**What you have to do:** Exactly the lines from the line that has "(1)如果公司设立了PMO部" through the final line below are to be retyped, and the pictures are not.

**Supplied material:**
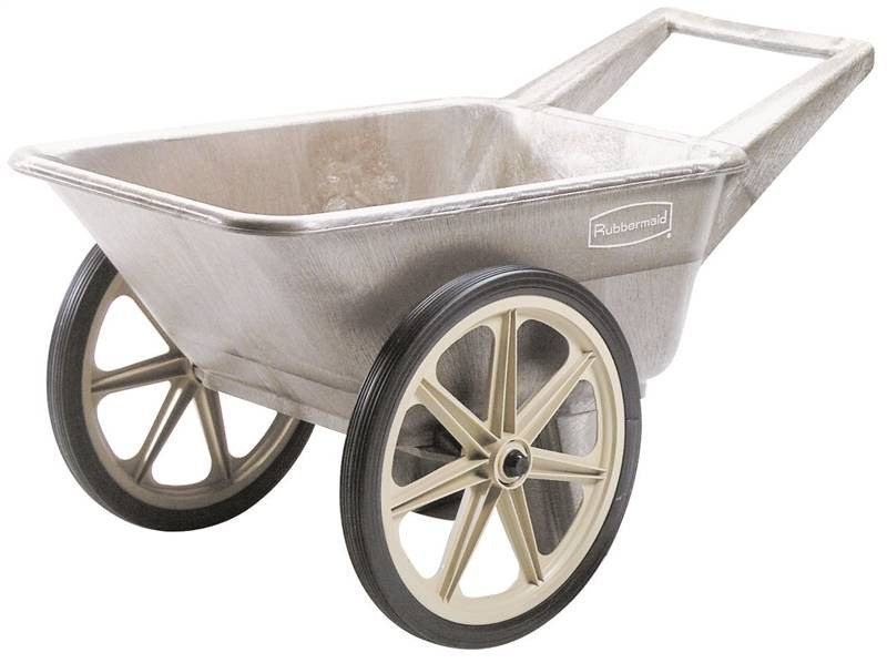 Unassembled. One-piece body construction carries up to 200 pounds fills most agriculture and lawn/garden needs. Semi-pneumatic 20'' x 1.75'' wheels provide easy mobility over most surfaces. Comfortable molded hand grip. Smooth seamless body for easy use and cleaning. Resistant to most farm and lawn/garden chemicals. Reinforcement ribs add impact resistance. 47''L x 27-1/2''W x 24-3/4''H.
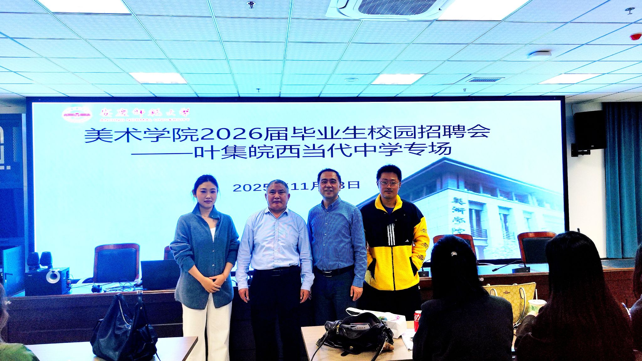 11月13日,美术公司邀请六安市叶集皖西当代中学董事长郭世珍、艺术部副主任、304永利集团2017届员工曹兴格,来院开展2026届毕业生校园专场招聘会暨员工报告会,美术学院党委副书记金忠良、毕业班辅导员、就业秘书和2026届毕业生参加了会议,会议由金忠良主持。
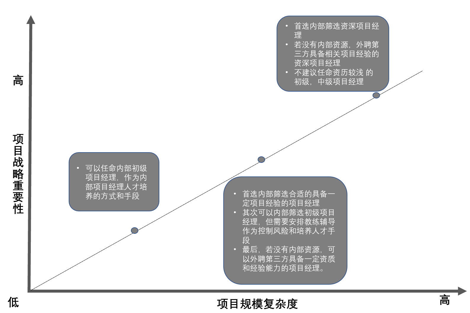 (1)如果公司设立了PMO部门或者相关的项目管理部门,通常会设有专职的项目经理,他们经过专业的培训与认证,可以根据项目的专业背景、进度和复杂度等因素去匹配合适的人选。但这些项目经理也经常是公司内部的“香饽饽”,如果我们下手太晚了,可能就错失了优秀的项目经理人选。
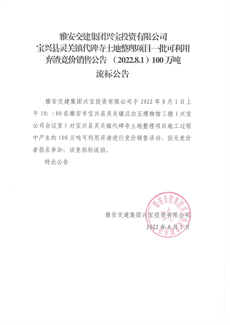 雅安交建集團興寶投資有限公司靈關(guān)鎮(zhèn)代碑寺土地整理項目100萬噸可利用棄渣競價銷售流標(biāo)公告(2022.8.1)

**Response to the exercise:**
 (1)如果公司设立了PMO部门或者相关的项目管理部门,通常会设有专职的项目经理,他们经过专业的培训与认证,可以根据项目的专业背景、进度和复杂度等因素去匹配合适的人选。但这些项目经理也经常是公司内部的“香饽饽”,如果我们下手太晚了,可能就错失了优秀的项目经理人选。
 雅安交建集團興寶投資有限公司靈關(guān)鎮(zhèn)代碑寺土地整理項目100萬噸可利用棄渣競價銷售流標(biāo)公告(2022.8.1)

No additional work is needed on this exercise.